Over the next few months I am sure that the real reasons for the comparatively poor outcomes of Irish patients in the EUSOS study will emerge. In the meantime, we can only guess the reasons. Aside from blaming surgeons for poor patient selection (which is suspiciously convenient), case volume may be a problem, the time of day (exhaustion), the amount of emergency surgery (including case volume) or the issue may lie in our own backyard – in the availability of beds for high risk postoperative patients. Emergency surgery patients, in particular, do poorly.
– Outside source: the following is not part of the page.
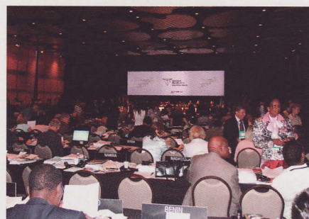
第34回世界遺産委員会

日本に関連のあるものとしては、第五福竜丸が被爆したマーシャル諸島の「ビキニ環礁」が世界文化遺産に登録されました。広島島の「原爆ドーム」に続き、「負の遺産」としての登録で、「核実験の威力を伝える上で、非常に意義深い証拠」と評価されました。

A US study of 25,710 nonemergency colorectal resections performed at 142 hospitals reported a 1.9% (492 patients) mortality rate. For emergency colorectal resection the mortality rate was 15.3% (780 of 5,083 patients). Fifty percent of emergency surgery patients had at least 1 complication versus 24% of elective surgery patients. This is horrifying.
The first report of the UK emergency laparotomy network (here), published in the BJA, presents similar mortality data. As a guide, mortality rates for major elective general surgery have been reported as follows: colorectal resection – 2.7%, oesophagectomy – 3.1%, gastrectomy – 4.2% and liver metastasis resection – 1%. In this study (data from 1853 patients were collected from 35 NHS hospitals) the unadjusted 30 day mortality was 14.9% for all patients and 24.4% in patients aged 80 or over.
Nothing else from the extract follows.